Observability

Use health, readiness, metrics, stats, audit, and wiretap together to understand node health and enforcement behavior.

Neuwerk exposes several different observability surfaces because no single endpoint answers every operational question.

The main ones are:

  • /health for process liveness
  • /ready for operational readiness
  • /metrics for Prometheus metrics
  • /api/v1/stats for a compact runtime snapshot
  • /api/v1/audit/findings for structured deny history
  • /api/v1/wiretap/stream for live traffic observation
  • process logs for runtime detail

Audit and wiretap depend on performance mode. If performance mode is disabled, those API surfaces return 503 until it is enabled again.

Start Here First

When you need a quick health check, use this order:

  1. GET /health
  2. GET /ready
  3. GET /metrics
  4. GET /api/v1/stats

That sequence separates “is the process up” from “is the node actually ready to enforce traffic”.

Liveness And Readiness

/health answers whether the management process is alive.
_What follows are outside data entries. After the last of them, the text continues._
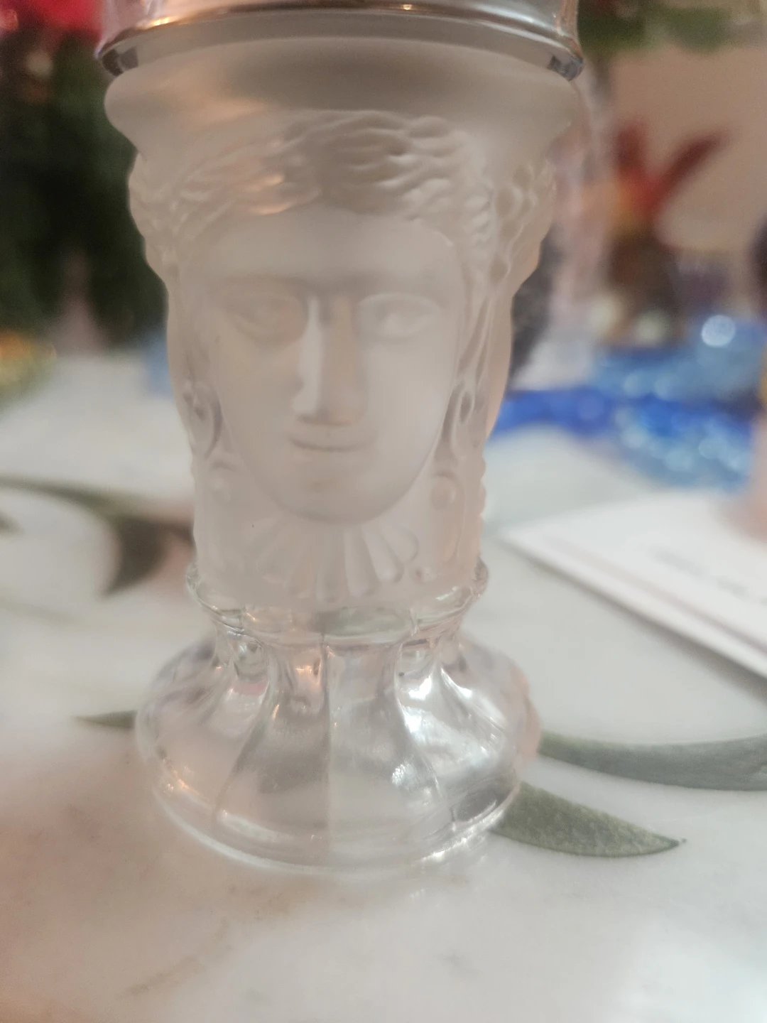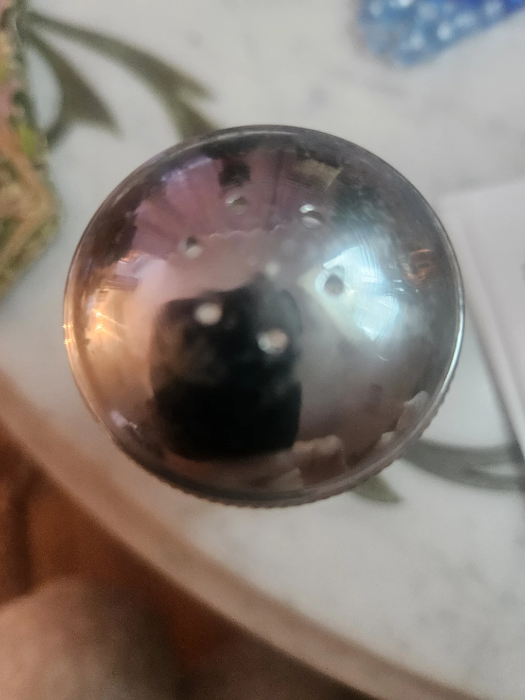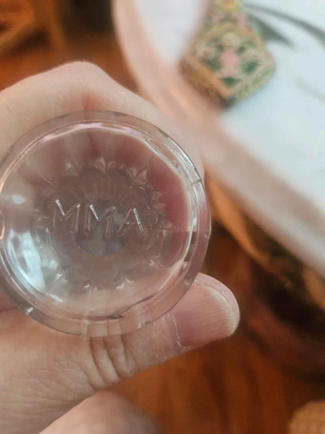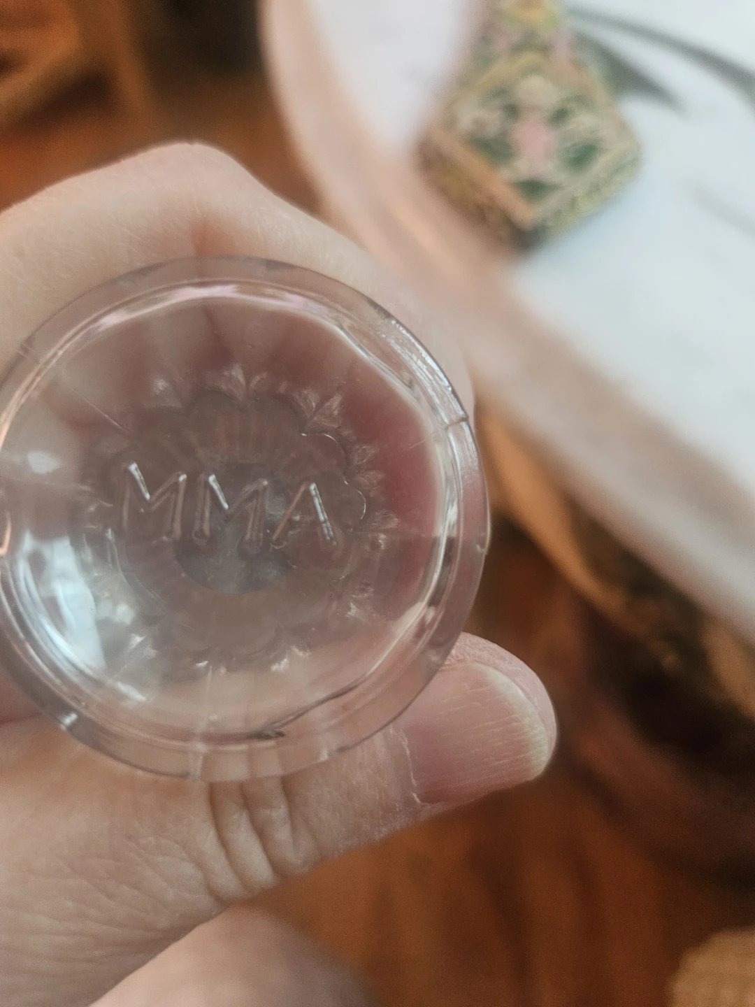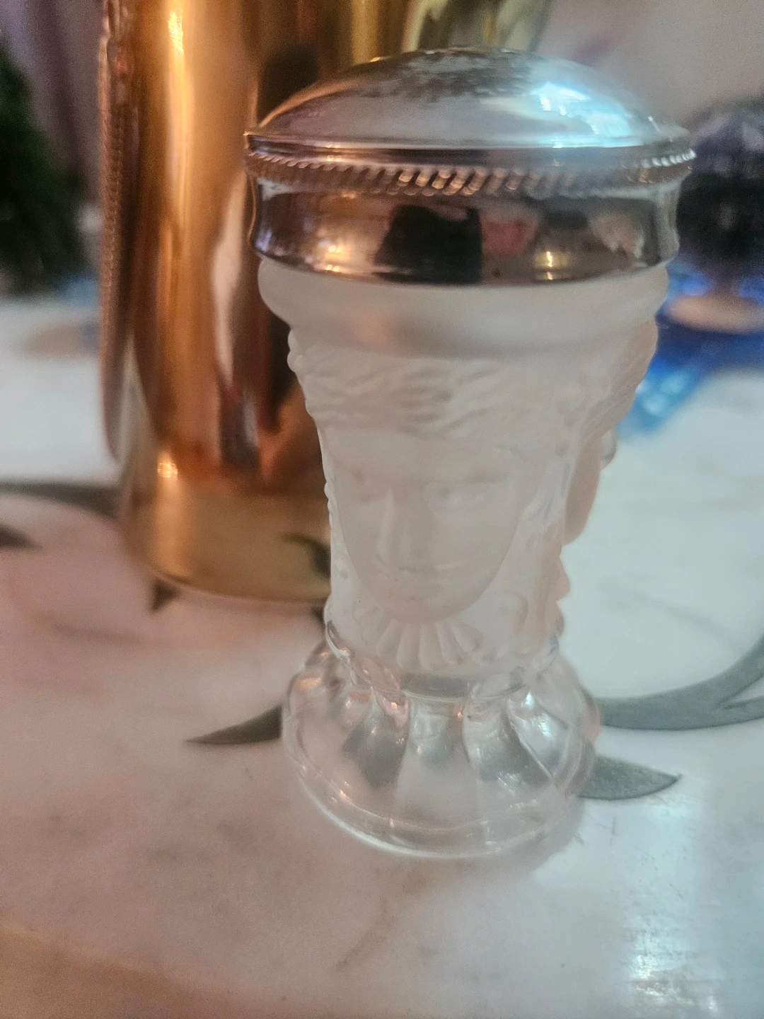 Selling a vintage salt shaker with a unique design! It features a frosted glass body with a face design and a metal top. The bottom has the MMA logo.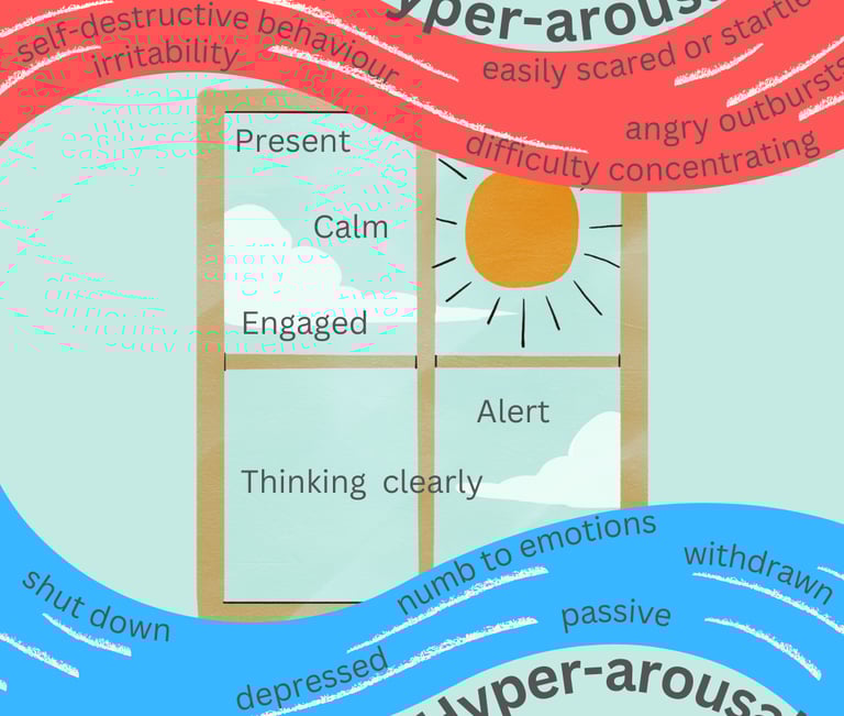 Pažvelkime į tolerancijos lango žemėlapį iš arčiau. Tolerancijos langą sudaro trys zonos: sužadinimo, komforto ir slopinimo. Komforto zonoje gebame valdyti emocijas ir elgesį, jaučiame vidinę harmoniją ir emocijų pusiausvyrą. Sužadinimo būsena – tai pasirengimo „bėgti-kovoti“ būsena. Atsidūrę šioje būsenoje jaučiame nerimą, chaotiškumą, priešiškumą, galimi pykčio ir agresijos priepuoliai. Be to, gali pasireikšti sutrikęs gebėjimas atsipalaiduoti – galime jaustis tarsi nerandantys sau vietos, gali sutrikti miego, valgymo režimas. Taip pat gali pasireikšti įkyrios, pasikartojančios mintys. Kartu su anksčiau išvardintais simptomais gali pasireikšti valgymo sutrikimai bei įvairios priklausomybės.
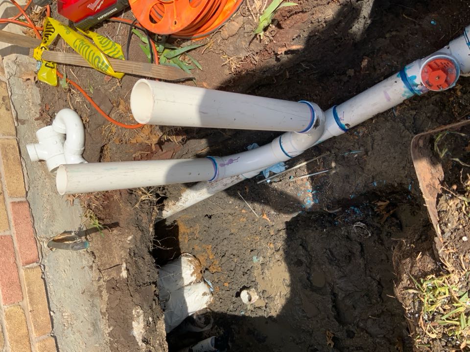Installed new PVC sewer line under home as well as installed new directional building drain clean outs in schedule 40 PVC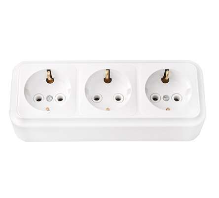 Розетка тройная с заземлением наружная 16А белая предназначена для подключения электроприёмников с напряжением до 250 В в условиях открытой установки. Подходит для использования на улице, в гаражах, мастерских, на производстве, в местах временного питания оборудования - например, для сварочных аппаратов, переносных светильников, насосов или электроинструмента. Благодаря наличию заземления обеспечивается безопасность при работе с металлическими корпусами приборов.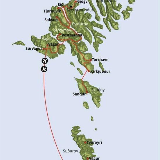 Nous prenons le bus et le guide à 12 h 30 à l’hôtel. Nous longeons le fjord et traversons la vallée jusqu’au village de Saksun. Nous faisons une promenade dans la région et visitons le musée Dúvugarðar. De Saksun, nous continuons vers un autre village magnifique, le village de Tjørnuvík avec sa plage de sable. Nous faisons une promenade dans le village et profitons de la nature. De Tjørnuvik, nous nous dirigeons vers le village le plus au nord de l’île d’Eysturoy, nous faisons un arrêt photo à la cascade de Fossá avant de traverser le pont sur l’océan Atlantique. Nous prenons un café et un gâteau en route. En route, un cadre plus beau et la nature nous attendent et nous passons le village og Eiði et aussi la plus haute montagne des îles Féroé, Slættaratindur, 882 mètres, et nous voyons également les impressionnantes formations rocheuses du Géant et de la Sorcière dans l’océan. A Gjógv, nous faisons une promenade dans le village et visiterons le port naturel ainsi que le belvédère des îles du Nord. A Gjógv, nous avons une soirée culturelle à Gjáargarður, dégustant de la nourriture locale et ayant l’occasion de participer à la danse locale des îles Féroé. Après le dîner à Gjógv, nous passons par le village de Funning où l’histoire raconte que le premier Viking est arrivé à terre et conduit le long du fjord jusqu’au village Strendur et prend le tunnel sous-marin pour retourner à Tórshavn.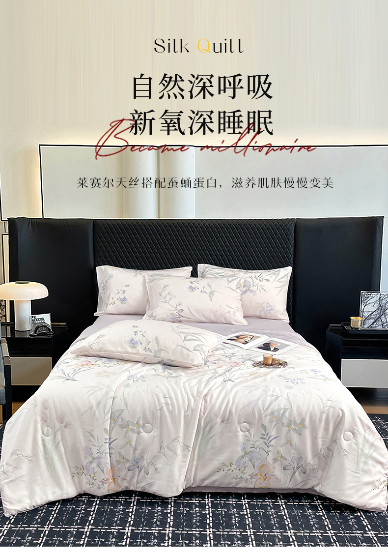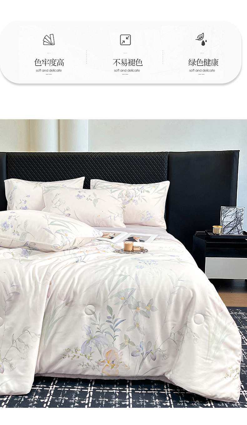 (总)尊妙被业 2026春夏新款莱赛尔天丝夏被蚕蛹蛋白夏被夏凉被空调被四件套-印花款,暗香绘-棕,花颜外-蓝,林屿间-粉,林语花夏-米,柳语素枝-绿,蔓行-绿,沐初-兰,叶间绒雪-兰,自然低语-绿

/ready answers whether the node is ready to do useful work. It returns 200 only when the dataplane, policy state, DNS proxy, service plane, and any cluster-specific checks are in a usable state.

Important readiness checks include:

  • dataplane_running
  • dataplane_config
  • policy_ready
  • dns_allowlist
  • service_plane
  • draining
  • cluster
  • policy_replication

Metrics

/metrics is the raw Prometheus surface. Use it for:

  • dashboards
  • alerting
  • capacity trend analysis
  • error-rate monitoring

Metrics are best for trends and saturation. They are not always the fastest path to an incident answer, which is why /ready and /api/v1/stats are better first checks.

Runtime Snapshot

/api/v1/stats is the fastest compact view of the running node.

Use it when you want:

  • dataplane counters
  • DNS state summary
  • TLS and service-plane state
  • cluster catch-up context

It is easier to interpret during incident response than parsing the entire Prometheus surface.

Audit And Wiretap

Audit and wiretap answer different questions:

  • audit shows persisted structured findings about denies and selected auth events
  • wiretap shows live traffic observation

Use audit when you need evidence of repeated policy outcomes. Use wiretap when you need to confirm what is happening right now on a live path.

Both surfaces are intentionally gated by performance mode. Read Performance Mode if those workflows are unavailable.

Logs

Logs remain the best source for startup failures, component crashes, and explicit runtime errors.

Use JSON logs when you need to ship events into an external logging system. Use compact logs when you need local readability.

Practical Rule

Start with readiness, confirm with stats, then use metrics, audit, wiretap, and logs to narrow the problem. That order usually gets you to the right runtime faster than jumping straight into raw counters.